6. Búdico ou crístico: é aquele que une o divino e superior ao humano e terreno. Foi atingido pelos grandes avatares ou iluminados, como Jesus e Krishna. Sua presença é capaz de transformar não só a existência do próprio indivíduo, mas também de emanar a luz da consciência para os demais seres em seu redor. Consagra os grandes mestres.

7. Átmico ou monádico: é a vivência presencial da divindade, a essência do que se é, a perfeição, o ponto de comunicação com o Todo, eterno, sublime, infinito e circular. Dá ao homem o sentido de integralidade com o si-mesmo e com o universo.

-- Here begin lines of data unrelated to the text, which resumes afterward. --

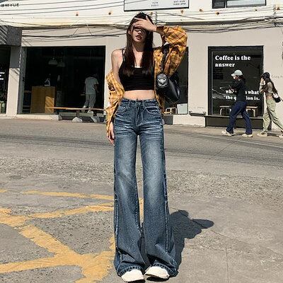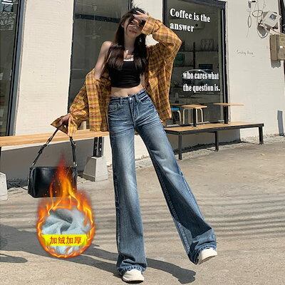 裏起毛パンツ アメリカンレトロなローライズワイド脚マイクロフレアジーンズレディース24の新作ゆったりとしたドレープ感のモップパンツ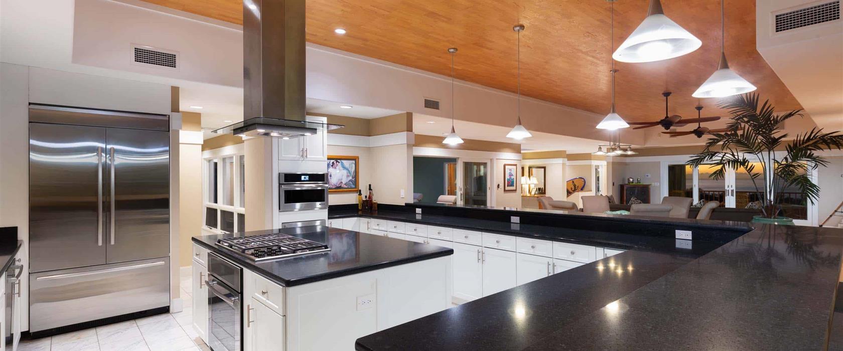 Located within the desirable North Fairways at the prestigious Mauna Kea Beach, this charming 4-bedroom residence will meet all of your Hawaii resort vacation wants. This beautiful vacation rental not only offers breathtaking panoramic ocean views it also provides views of Maui and the Kohala mountains. Step into the stunning open plan living space featuring a spacious kitchen featuring stainless steel appliances perfect for hosting large gatherings or private chefs. In addition to the kitchen the residence offers multiple areas to eat such as the the four bar seats inside, dining table for six or step out to deck for an alfresco get together featuring a long dining table for eight (8.) The kitchen also opens up to two separate living spaces; a more formal conversational living area as well as a separate cozy tv room. Enjoy reading in any of the six outdoor spaces including the inner courtyard or play some games with family and friends by the outdoor ping pong table. Sleep well in one of the three guests suites that located within the main residences including the master which features a King bed, stunning views of the ocean and a dream ensuite which includes a spacious indoor walk in shower or a unique stand alone outdoor tub. The secondary suite includes a queen bed and ensuite bathroom featuring a jacuzzi tub while the third suite offer flexibility with it’s two twins that can be made into a king.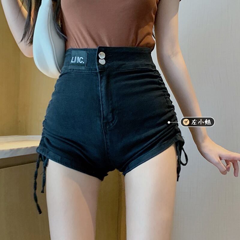 ギャザーショーツ 夏服薄手ハイウェストウェストブラックAラインパンツ 大きめサイズ 夏物 ウエスト コーデ marchs6710373005732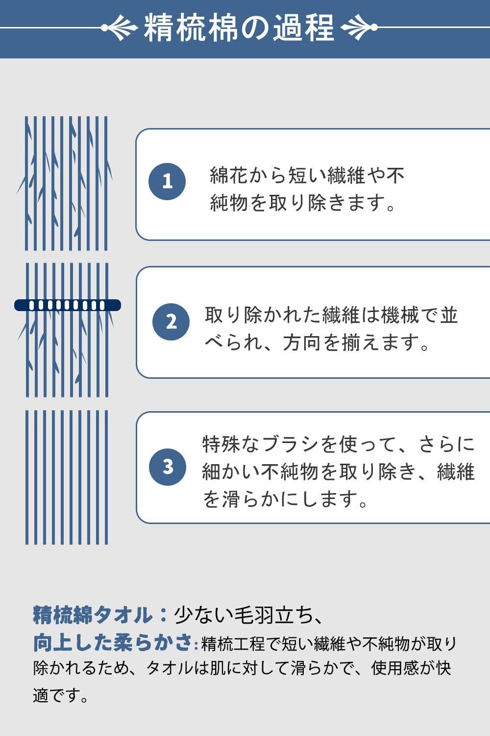 【高い吸水性】:精梳綿のフェイスタオルは、優れた吸水性を持ち、水分を素早く吸収し、お風呂やシャワー後に快適なドライな肌触りを実現します。また、水泳後や運動後など、汗をかいたときにも、速乾性が高いため、すぐに乾かすことができます。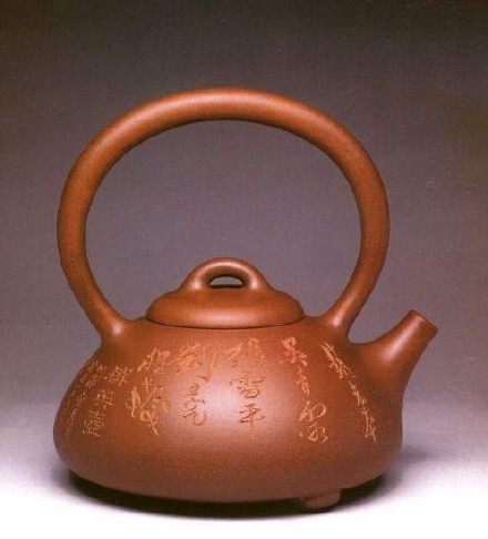1992年四海壶具博物馆落成,海上画会诸名家齐聚共贺,汪寅仙制此壶为记。夸张的提梁擎起一道弧线,巧妙地为扇型圆弧壶身创造光圈效果。既像征群英聚集哲哲耀目,又似壶界与艺坛相互辉映。稍长的壶嘴衔接壶身形成拉高的线条,与弧形提梁呼应,构成一种向前的动势力感,颇有邀人畅饮的意味。壶身素面铭刻众画家名,由高式熊书,山头上人姚志源刻,笔下苍劲有力,掌握各画家签名的韵味。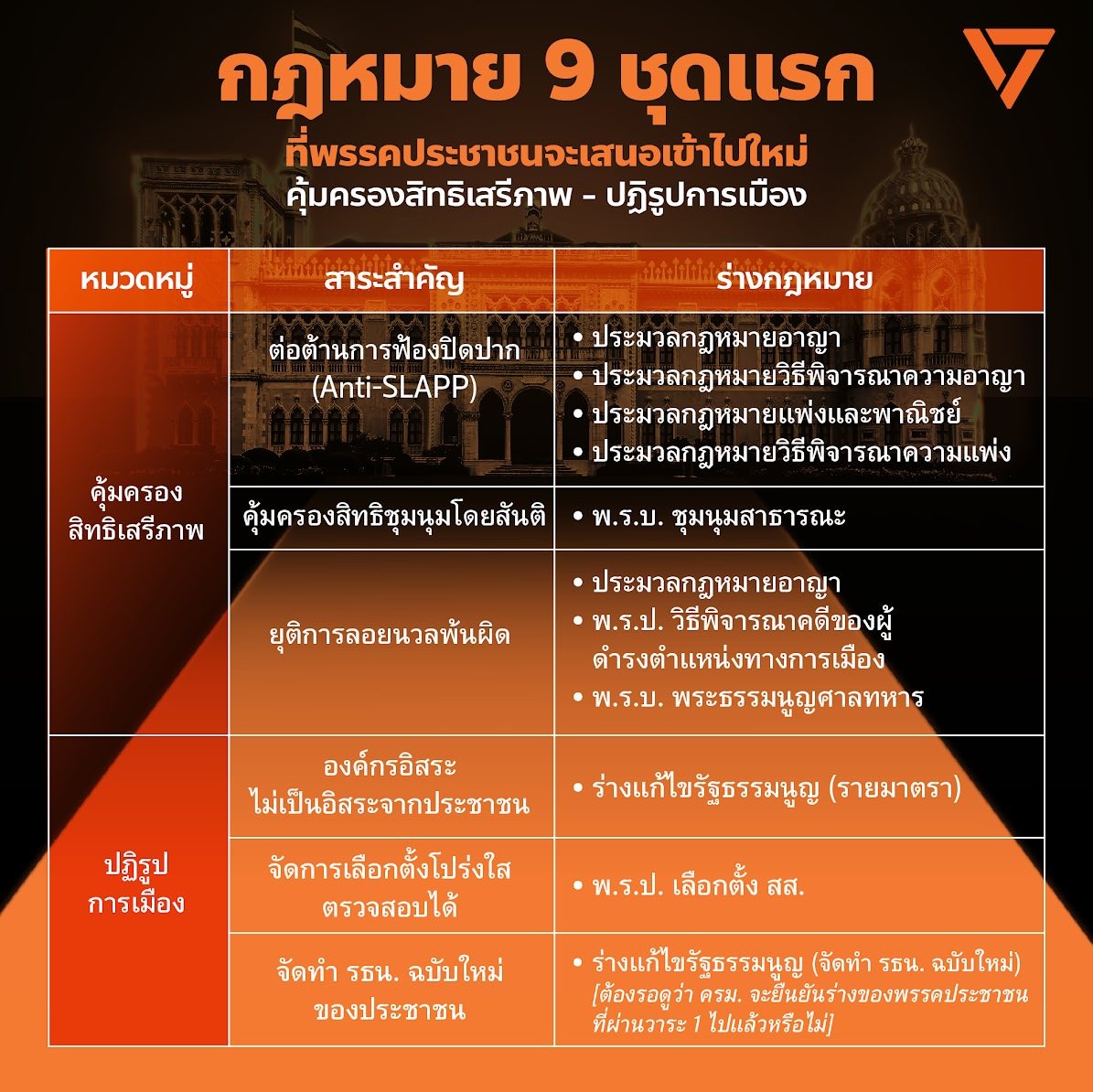 1. กฎหมายที่เราจะเสนอเข้าใหม่ทันทีที่สภาเปิด โดยเบื้องต้นประกอบไปด้วย 9 ชุดแรก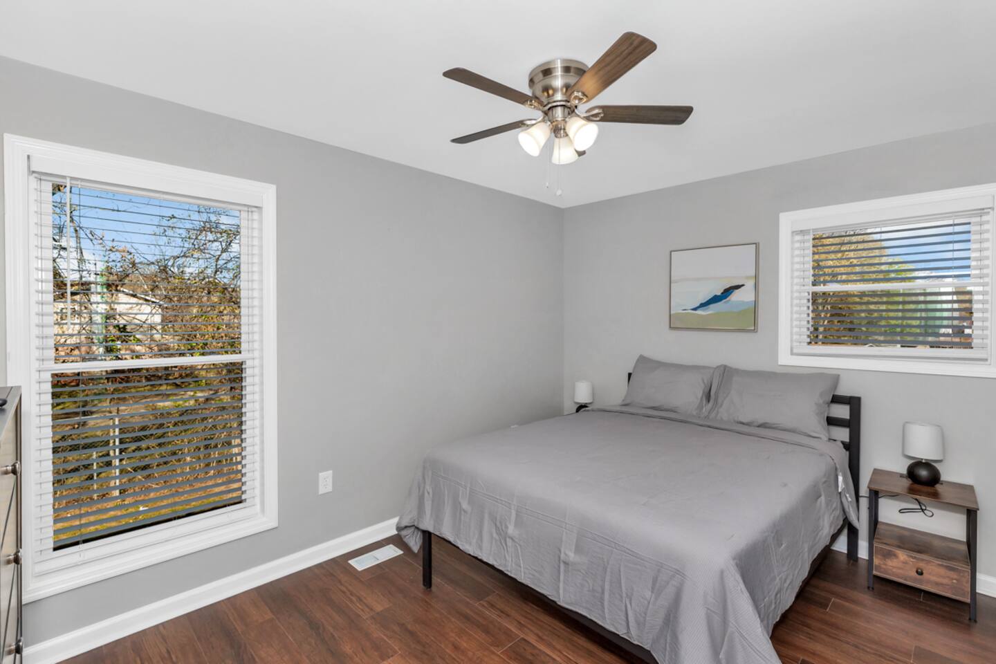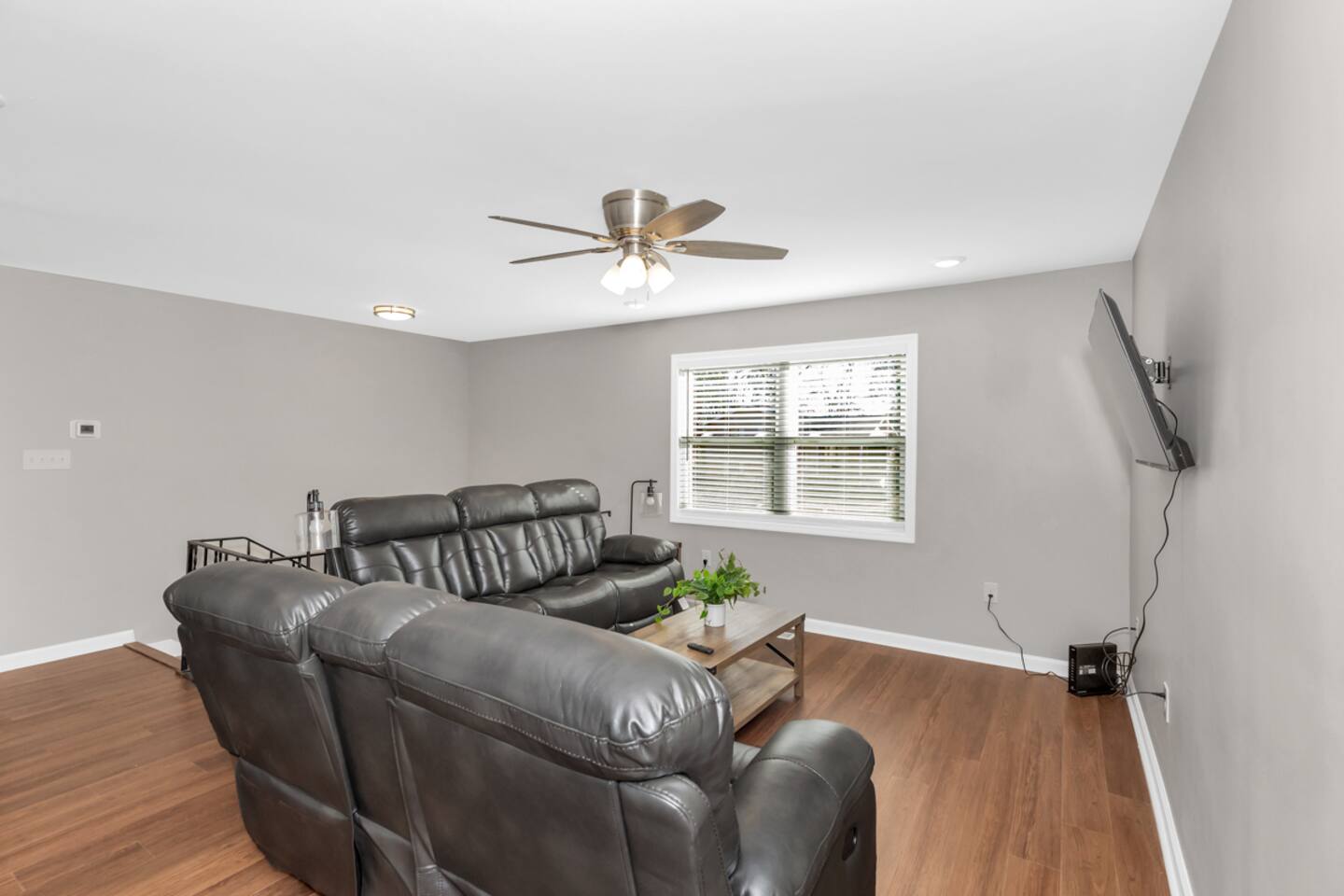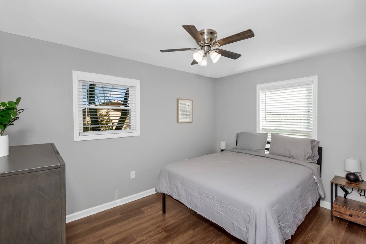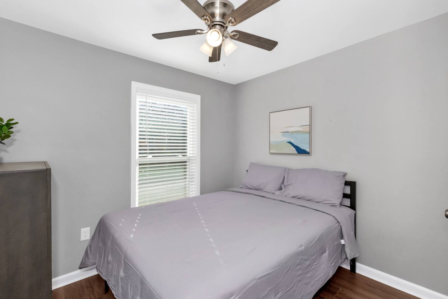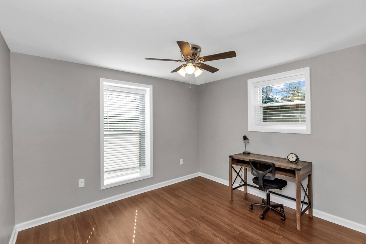 In this three bedroom, two bathroom home, all bedrooms have queen mattresses, as well as closets and dressers (so great storage for both short and long term guests). There is a room with a desk, chair and door that can be used an office. There is also an empty room that can be used as a makeshift play room or storage space for guests with a few extra items. The kitchen has a Keurig coffee maker, toaster, microwave, electric stove and oven, as well as a full size refrigerator and freezer. The living room is cozy and comfortable with new reclining couches.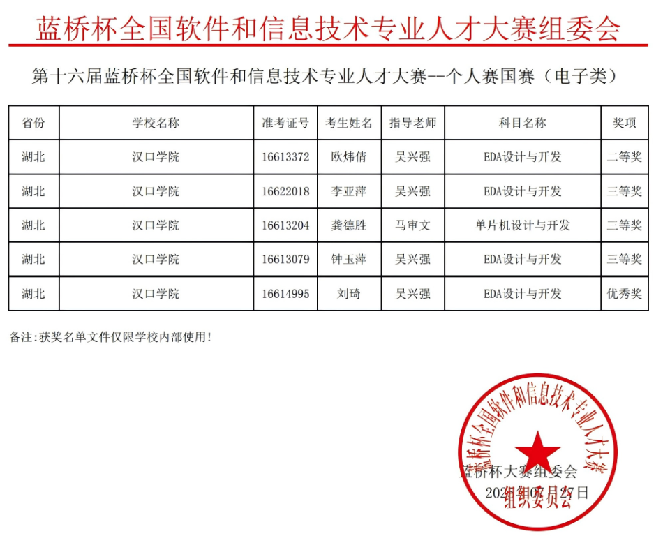 喜报! 汉院学子在第十六届蓝桥杯国赛中再创佳绩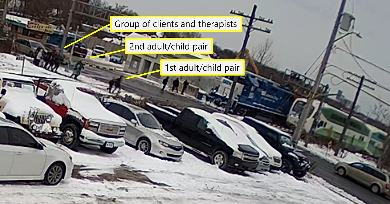 The north track was occupied by CN freight train L56831-13 (CN 568), which was backing up into the yard. The group of 6 adult therapists and 5 child clients waited on the northwest quadrant sidewalk for an estimated 5 to 10 minutes in cold weather for CN 568 to slowly clear the crossing and the GCWD to deactivate (Figure 1).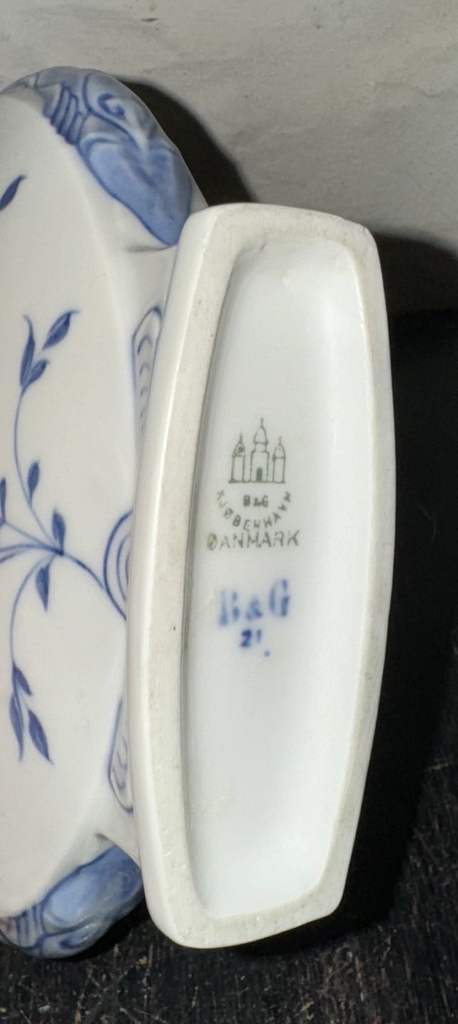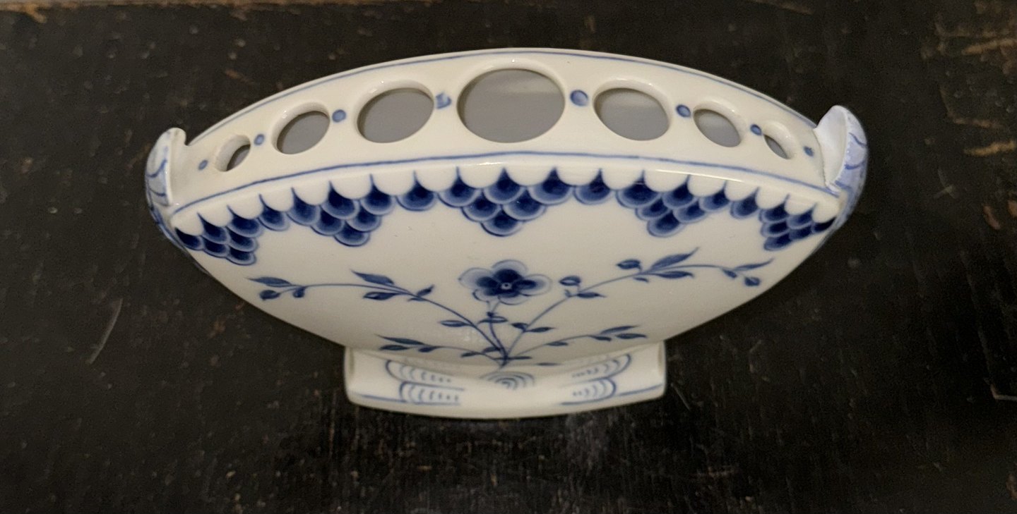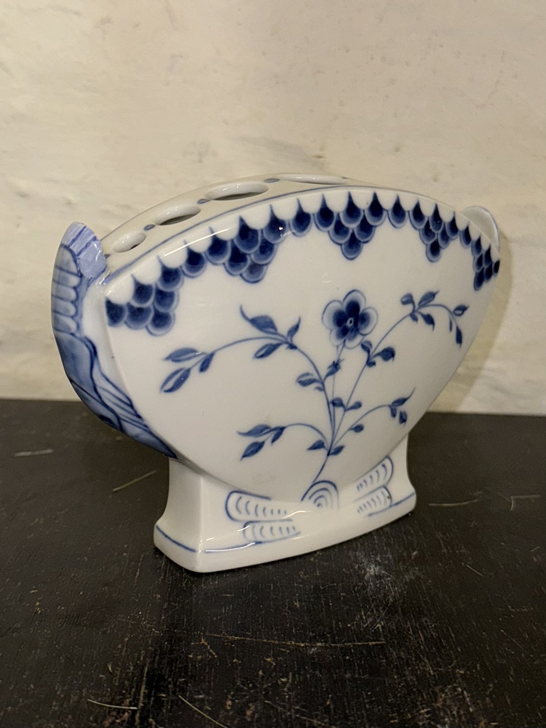 Sommerfugle stellet: Blåmalet viftevase: Blomster og musselmalet. blomsterholder fra Bing & Grøndahl i porcelæn. I god stand. Fabriksmærket på bunden. Mål: H. 11,5 cm L. 16 cm.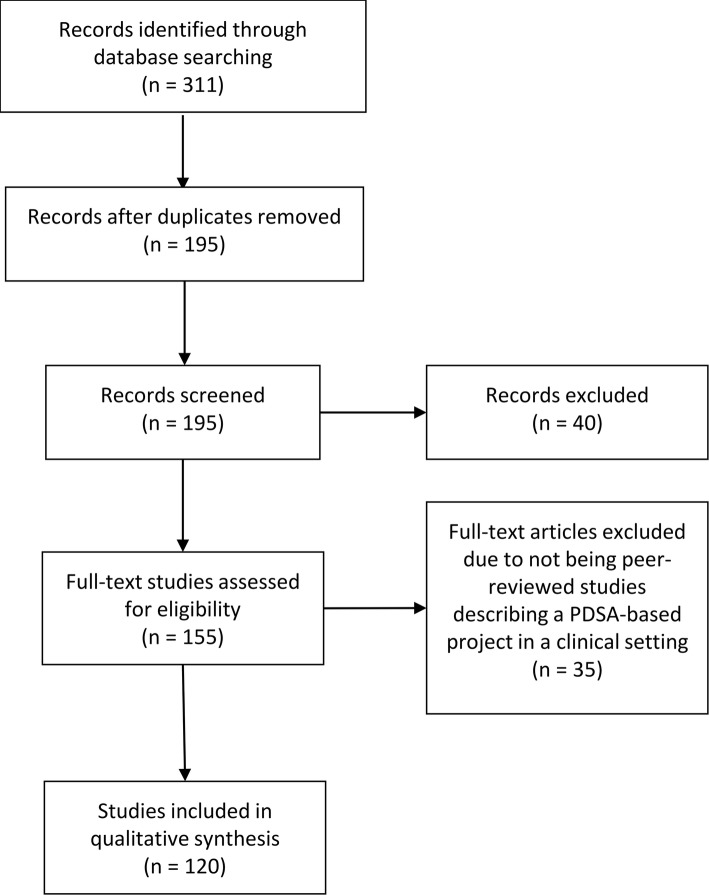 Methods: A systematic literature search was performed in the PubMed, Embase and CINAHL databases. QI projects using PDSA published in peer-reviewed journals in 2015 and 2016 were included. Projects were assessed to determine the reported effects and the use of the following key methodological features; iterative cyclic method, continuous data collection, small-scale testing and use of a theoretical rationale.

A ampliação da consciência é o canal para que a percepção das vivências ascenda na direção dos corpos superiores. A ascensão ao sétimo corpo um exercício utópico para a maioria das pessoas. O problema é que, muitas vezes, não nos permitimos sequer à percepção dos sinais desse divino que nos habita – que dirá senti-lo plenamente. Atrelamos unicamente as vivências aos corpos inferiores: agimos instintivamente para gratificar o corpo, nos guiamos por emoções que nos desnorteiam, fermentamos memórias e pensamentos vãos.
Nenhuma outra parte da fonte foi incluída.